# Instruments and Equipment > Videos, Pictures & Sound Files >  CARMELO CATANIA MANDOLIN, what you tihink

## mandolinlady

I have owned this mandolin since 1985, everybody flatters it, so far I haven't seen any  other like this, it is a Carmelo Catania, it is a very melodious,Even when I started playing this instruments more than 20 years ago , there were long periods of time that  abandoned my mandolin, now I regret all the time I lost not playing it.  I was told that it has mahony, and the finished is impressing, and it sound great to me, but I am not an expertise in this instrument so I really don't know. Does anybody know about Carmelo Catania mandolins made in Italy,

----------


## Jim Garber

Carmelo Catania was an instrument manufacturer in Catania, Sicily. Tho not a mandolin site, Fetish Guitars has much information about the company and some pictures of guitars and catalogs.

----------


## brunello97

While perhaps unrelated, there is also the Fatty Carmelo Consortium currently touting a new disc by my longtime Austin vatos:

http://www.thegourds.com/

With a bit of a wink this can somehow all be woven together into coherence.

Mick

----------


## mandolinlady

Thanks for the information.

----------


## mandolinlady

O. thanks for the information

----------


## mandolooter

> While perhaps unrelated, there is also the Fatty Carmelo Consortium currently touting a new disc by my longtime Austin vatos:


Humm...not sure of the connection but I have front row seats for Fridays show at the Egyptian Theater here in Boise. The new CD has some gems too... :Popcorn: 

Nice looking mandolin Mandolin Lady!! :Mandosmiley:

----------


## mandolinlady

Thanks, I don't think  Fatty Carmelo is related to Carmelo Catania, this mandolin maker is way back  somewhere in Italy.

----------


## Selenaserval

I love them... the ones I've seen played well and looked great.

----------


## mandopops

I've got a Catania also. It's got the violin scroll head. I got it about 1979 when I was taking lessons w/ Giovanni Vicari in NYC. He had a couple. He was from the town in Sicily. A couple of his students and myself expressed interest so I think four or five of us ordered them. We had the option of flat or round backed. I think everyone went flat. Tho Mr. V had a round-back.
 They were all great. I love mine. It has a steely,shimmering sound, plays great & very elegant.
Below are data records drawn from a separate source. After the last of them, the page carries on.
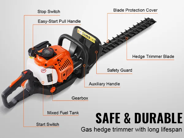 Efficiënt snoeien: Uitgerust met een 26 CC tweetaktmotor en een toerental van 8500 tpm, biedt de heggenschaar op benzine krachtige prestaties. De messnelheid van 6500 tpm zorgt voor scherp en efficiënt snoeien van takken, struiken, theetuinen en groenstroken.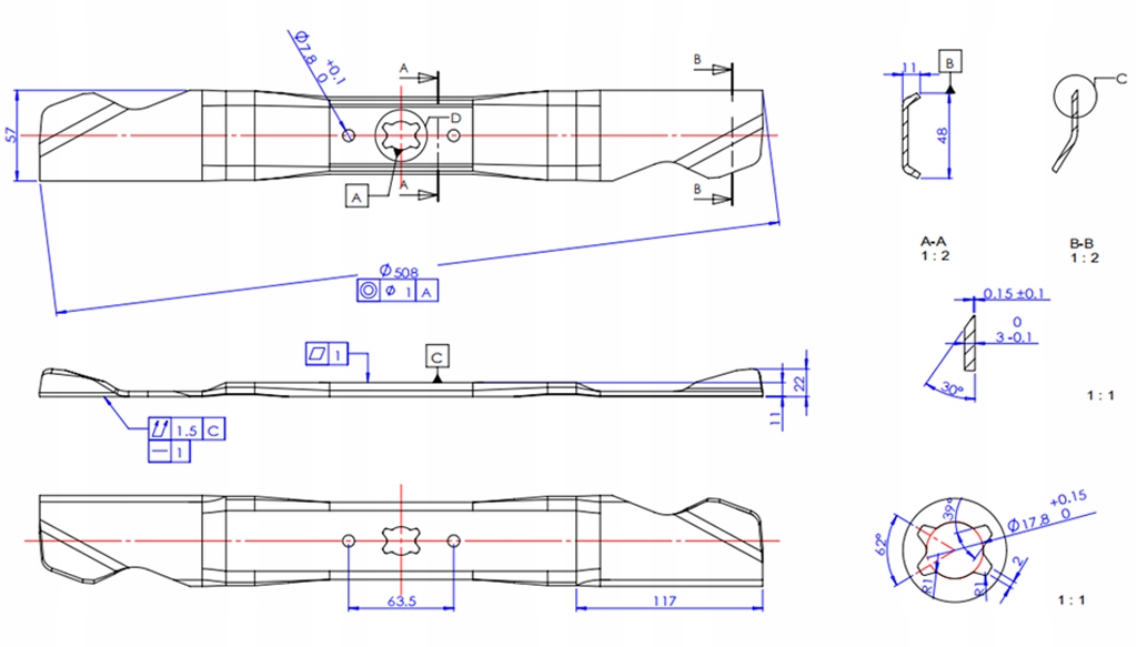 НІЖ КОСАРКИ ДЛЯ MTD 51 см. ТРИМАЧ ЗІРОЧКИ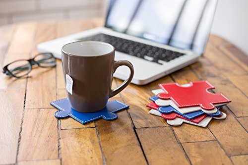 -. Title : Drink Coasters Black and USA Colors (Set of 6), Puzzle Leather Design, Suitable for Wine, Beer, Coffee, Tea, Beverages and Bar by FLAGPI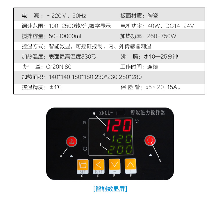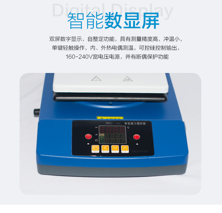 數(shù)顯磁力(加熱板)攪拌器,采用方形陶瓷面板加熱面加熱,美觀防腐;電源:220V/50Hz(可做出口型110V/50Hz)控溫范圍:室溫-380度,控溫精度:±1℃,轉(zhuǎn)速范圍:0-2500轉(zhuǎn)/分,加熱攪拌面盤分四種:140×140mm、180×180mm、230×230mm、280×280mm;定時(shí)功能、調(diào)壓功能可選。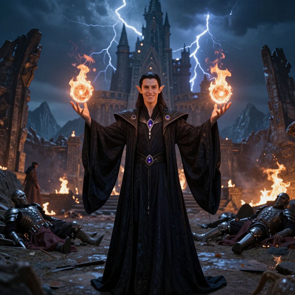 Fantasy Stormy night, Smiling elven mage in dark robes, The slim, black haired elf spreads his arms, summoning flaming spheres and fireballs, The elf is wearing long black robes, ornate with silver and violet gems, The elf is an elegant, cleanshaven man with androgynous features and pale skin, He stands in the middle of ruined fantasy castle, The ruins are burning, bodies of dead armored warriors litter the ground, In the fark background there are dark rocky mountains and dark cloudy sky, crackling with blue lightnings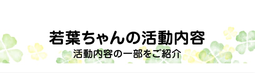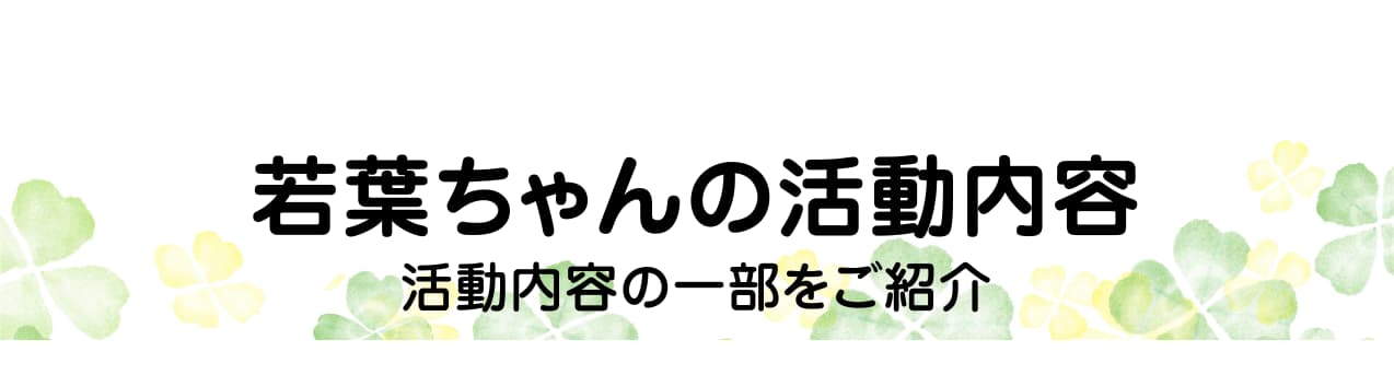 - 「若葉ちゃん」として約2年間、当社のイベントやあらゆるPR活動(TV/ラジオ/WEB/その他媒体)に参加・出演・活動可能な方

I'll try later to get a picture up. I have to run my computer over for check-up now.

----------


## brunello97

Mandopops, I think a lot of us here would love to hear more anecdotes from your experience studying with Sig. Vicari.  That must have been an amazing experience.  Here is a purported picture of the maestro ca. 1920.

Mick

----------


## mandopops

Brunello97, That really looks like a young Giovanni. I think I've seen that pic before. I have an autographed 8x10 glossy picture of him. I'll try in the next day or two to get a pic of my Catania & Mr. Vicari up.
 I would be glad to put a few thoughts together. Mr. Garber asked also. It was amazing. He was also very warm and generous. Except he wouldn't give me his DeAngelico mandolin. Altho I tried. Where would be a good place to post? 
Thanx for the interest.

----------


## mandopops

Here is my Catania.

Ain't it a beauty?

----------


## mandopops

Here is my autographed photograph of Mr. Vicari.

He is playing his Martin Mandolin in the picture.

----------


## Fran

Hi guys, I am a newbie here.

I just found a nice Modelo 2 Carmelo Catania in very good shape, and only paid a few hundred dollars for it. I got it in a private sale.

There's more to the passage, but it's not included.